To address these issues, a distributed monitoring stack based on Thanos is required.
Architecture Evolution: From Single‑Node to Federated Clusters
Three common scaling patterns are compared:
1. Federation
┌─────────────────────────────────────┐
│ Federation Gateway │
│ /federate?match[]={job="kubernetes"}
└───────┬─────────────┬───────────────┘
│ │
┌────▼─────┐ ┌─────▼───────┐
│Prometheus-1│ │Prometheus-2 │
│(Kubernetes)│ │(Nginx/Gateway)│
└───────┬────┘ └───────┬─────┘
│ │
Collect k8s components Collect nginx metricsFederation is simple and works for < 500 nodes, but the central Prometheus still bears all query load and cannot perform cross‑instance historical queries.
2. Thanos
┌───────────────────────────────────────────────┐
│ Thanos Query │
│ (global query entry, GRPC) │
└──────┬───────────────┬───────────────┬─────────┘
│ │ │
┌────▼─────┐ ┌─────▼─────┐ ┌────▼─────┐
│Thanos │ │Thanos │ │Thanos │
│Sidecar‑1 │ │Sidecar‑2 │ │Store │
│Prom‑1 │ │Prom‑2 │ │Gateway │
└──────────┘ └──────────┘ └───────────┘
│
└─────► Object storage (S3/GCS)Thanos adds a distributed layer on top of Prometheus, providing global query, long‑term storage, HA, and down‑sampling without modifying Prometheus binaries.
3. Cortex / Mimir
Cortex (now Grafana Mimir) offers multi‑tenant, fully managed storage but requires complex components such as Cassandra or DynamoDB. For thousand‑node clusters, Thanos remains the most cost‑effective choice.

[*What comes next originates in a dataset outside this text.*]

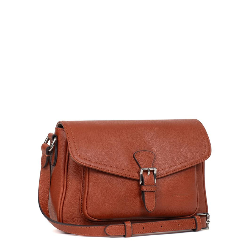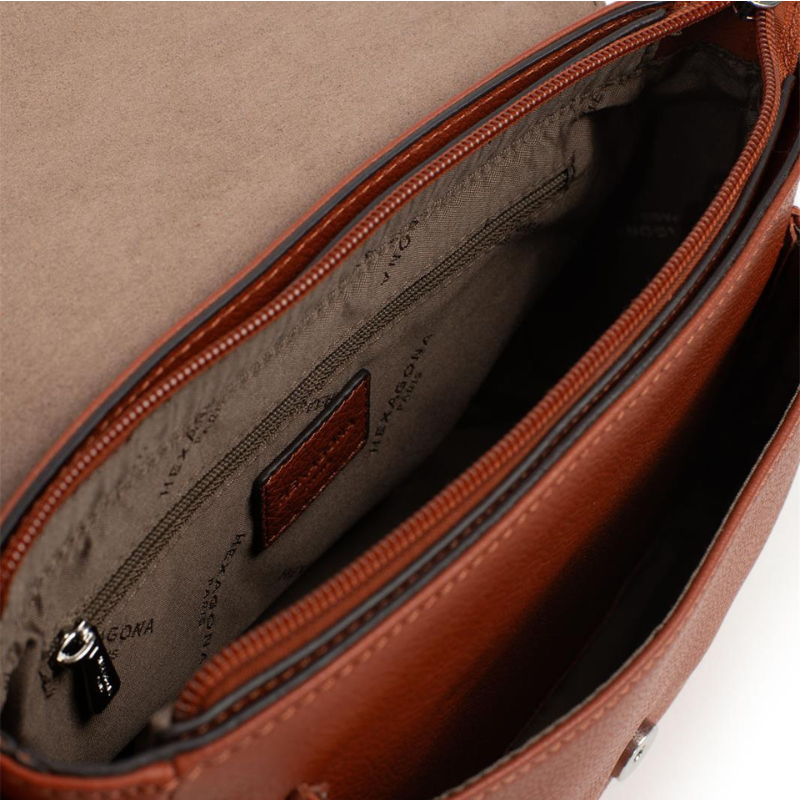 Κομψή και πρακτική τσάντα ταχυδρόμου κατασκευασμένη από την Γαλλική εταιρεία Hexagona από γνήσιο δέρμα σε εκάι χρώμα. Ασφαλίζει με καπάκι και φερμουάρ, προσφέροντας σιγουριά και άνεση στην καθημερινή χρήση. Στο εσωτερικό της διαθέτει έναν ευρύχωρο ενιαίο χώρο, μια βοηθητική τσέπη με φερμουάρ και θήκη για κινητό ή μικροαντικείμενα. Εξωτερικά, περιλαμβάνει τσέπη με φερμουάρ στο πίσω μέρος καθώς και μία επιπλέον ελεύθερη τσέπη κάτω από το καπάκι, για εύκολη πρόσβαση σε αντικείμενα που χρησιμοποιήται συχνά. Το μακρύ, ρυθμιζόμενο λουρί από δέρμα, σας επιτρέπει να φοριέται άνετα στον ώμο ή χιαστί, προσαρμοζόμενη στο στυλ και τις ανάγκες σας. Μια ιδανική επιλογή για όσους αναζητούν λειτουργικότητα, κομψότητα και αντοχή στην καθημερινότητα.

Core Thanos Design Deep Dive
3.1 Data Ingestion Path
Prometheus writes raw samples to local TSM files. The Thanos Sidecar continuously reads the WAL and uploads TSM blocks to object storage. Uploaded blocks first land in a /store/pending directory, are compacted by the Thanos Compactor, and finally moved to /store/compact for the Store Gateway to read.
3.2 Query Path Parallelisation
A PromQL query (e.g., sum(rate(http_requests_total{job="api"}[5m])) by (service)) is received by Thanos Query, which discovers metadata from all Sidecars and Store Gateways, plans the query, executes it in parallel across all back‑ends, deduplicates results using the replica label, and performs final aggregation.
1. Query Planning
Parse PromQL, fetch block lists from each Store/Sidecar
2. Parallel Query Execution
Send data requests to all back‑ends concurrently
3. Deduplication
Use "replica" label to keep the newest sample
4. Aggregation
Perform final aggregation (sum, avg, …)Multiple Thanos Query replicas can be deployed behind a DNS or Service load balancer to achieve linear query‑throughput scaling.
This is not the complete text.